Unfortunately, TargetLowering::getRegClassFor function relies on the simple array indexed by the value types.
Hence we only have one register class for the concrete value type. To workaround this I had to override this method in the target.
I also add the boolean argument to designate the value divergence.

This review has passed precheckin.

However it is created as a starting point for the wider discussion to elaborate the best approach.

Diff Detail

Event Timeline

alex-t created this revision.Mar 29 2019, 6:40 AM
alex-t updated this revision to Diff 192828.Mar 29 2019, 8:15 AM
alex-t edited the summary of this revision. (Show Details)
rampitec added inline comments.Mar 29 2019, 4:50 PM
include/llvm/CodeGen/FunctionLoweringInfo.h
60

Please follow formatting rules with pointers, in all places.

include/llvm/CodeGen/TargetLowering.h
647

Indent.
Also please write a comment what is this function about.

include/llvm/CodeGen/TargetRegisterInfo.h
523

80 chars per line.
Also please write a comment what is this function about.

lib/CodeGen/SelectionDAG/DAGCombiner.cpp
13921–13922

Can you run clang-format please?

lib/CodeGen/SelectionDAG/FunctionLoweringInfo.cpp
382

80 chars.

lib/CodeGen/SelectionDAG/InstrEmitter.cpp
229

Switch the condition order. Node->isDicergent() is less expensive.

404

Switch the condition order.

lib/Target/AMDGPU/SIFixSGPRCopies.cpp
636

!isSGPRReg()

lib/Target/AMDGPU/SIISelLowering.cpp
10169

!isSGPRClass()

lib/Target/AMDGPU/SIRegisterInfo.h
200

!isSGPRClass()

alex-t updated this revision to Diff 193265.Apr 2 2019, 5:58 AM

changed according the reviewer request

alex-t marked 10 inline comments as done.Apr 2 2019, 6:00 AM
alex-t added a reviewer: efriedma.
rampitec added inline comments.Apr 2 2019, 10:55 AM
lib/Target/AMDGPU/SIFixSGPRCopies.cpp
635

I think you can decrease nesting here. At the very least join individual "if" conditions with "&&".
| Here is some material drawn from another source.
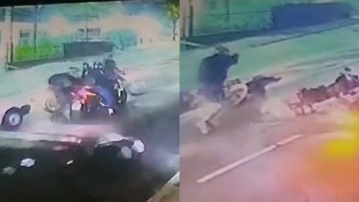 Os três assaltantes estavam em duas motocicletas e abordaram a vítima, que também pilotava uma moto, anunciando o assalto.

efriedma added inline comments.Apr 2 2019, 12:25 PM
include/llvm/CodeGen/TargetLowering.h
648

I'm confused what this means. A value is either divergent, or not divergent, and the premise of this patch is that it isn't appropriate to put a divergent value in a uniform register. But this patch forces the value into a uniform register anyway?

lib/CodeGen/SelectionDAG/InstrEmitter.cpp
592

Weird indentation.

lib/Target/AMDGPU/SIISelLowering.cpp
10207

It's probably not a good idea to traverse the use-list of anything that isn't an instruction here; you could end up finding uses in a different function.
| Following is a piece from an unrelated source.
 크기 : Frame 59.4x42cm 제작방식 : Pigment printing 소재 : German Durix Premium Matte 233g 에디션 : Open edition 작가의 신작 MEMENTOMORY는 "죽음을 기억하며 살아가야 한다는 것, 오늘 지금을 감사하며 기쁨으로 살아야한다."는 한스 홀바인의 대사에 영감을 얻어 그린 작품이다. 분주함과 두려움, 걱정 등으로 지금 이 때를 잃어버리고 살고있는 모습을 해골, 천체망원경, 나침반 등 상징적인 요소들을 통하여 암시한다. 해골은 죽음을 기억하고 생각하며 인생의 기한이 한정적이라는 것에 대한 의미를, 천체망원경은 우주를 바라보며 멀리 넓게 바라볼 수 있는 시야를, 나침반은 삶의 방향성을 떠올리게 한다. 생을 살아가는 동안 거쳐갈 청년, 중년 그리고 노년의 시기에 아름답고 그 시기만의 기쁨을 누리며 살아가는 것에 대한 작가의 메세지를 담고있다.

I don't really understand what you're trying to do here; is this going to force an arbitrary tree of instructions into uniform registers?

alex-t marked 2 inline comments as done.Apr 3 2019, 4:34 AM
alex-t added inline comments.
include/llvm/CodeGen/TargetLowering.h
648

There is no direct one-to-one mapping between the divergence of the high level IR value and target specific register class.
So, each target need the specific hook for target specific selection of the register class for the given value.
And yes, I agree that the function name is misleading. I should rename it.
For instance: we have naturally divergent value that is lowered to 64 bits individual for each thread in the wave front.
Obviously we want it to live in the 64 bit scalar register.

lib/Target/AMDGPU/SIISelLowering.cpp
10207

Hmm... I was pretty sure that the UseList is per function... it really is the same for the whole module? It looks weird to me.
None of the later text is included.